The numbers don’t lie: People can’t tell the truth

Many parents try to instill in their children that lying is wrong. However, it’s nearly impossible for any parent not to tell their child a lie. Ever hear of Santa Claus and the Easter Bunny?

People – including Americans – lie. It’s the truth. According to a poll conducted by The Associated Press and Ipsos, more than half of the 1,000 people polled said lying was “never justified,” while up to two-thirds of the same people said it was okay to lie when the situation called for it.

Americans are now lying about the fact they lie.

Lying is, of course, nothing new, especially in the classroom. Nowadays teachers are extremely skeptical when a student misses class or doesn’t do his or her homework. When a student needs to attend a funeral, the teacher practically asks for the death certificate to prove whether the student is telling the truth. It’s hard for the person who is telling the truth, but many teachers require it because another person in the class has likely already attended their fourth grandmother’s funeral that semester.

The only good thing about the contradiction of the poll is that it concludes that people do lie, though there is another possibility: Perhaps the poll respondents were answering both questions truthfully. It seems contradictory, but the response that lying is never justified is a fairly common one, despite the fact that everyone – yes, even you – has embellished something at some point in time and will do so again in the future.

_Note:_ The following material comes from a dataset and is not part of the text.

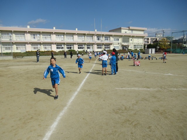 快晴の中、持久走記録会が行われました。一人一人が目標に向かって、全力で走り、応援することができました。子ども達からは、「最後まであきらめずに走ることができた。」「友達が、名前を呼んで応援してくれたことが嬉しくて、がんばることができた。」といった声が聞かれました。持久走の学習を通して学んだ「苦しいことを乗り越える力」「友達のがんばりを認め、応援する優しい心」を、今後の生活に生かしていければと思います。

After all, why would the people taking the poll lie? The responses are anonymous, and presumably the respondents had nothing but their moral compasses to guide them in answering. Either they lied about it because they could – in which case the poll randomly selected a bunch of pathological liars – or they didn’t realize they were lying.

Let’s face it: Sometimes the situation calls for a lie. Be it to save face, prevent the embarrassment of a friend or protect something secret, people are going to find a reason to stretch the truth. This is, of course, at odds with what most children are taught – that honesty is the best policy.

But perhaps the greatest service the poll can serve (aside from providing an amusing statistic) is to get people thinking about the lies in their own lives. They’re there – that’s a certainty – but do they need to be?

Whatever you’re lying about, dear reader, why are you doing it? Will the truth really have the ramifications you are expecting? Are you certain you won’t get caught?

Could you get by without lying?

It would certainly help your integrity if you could.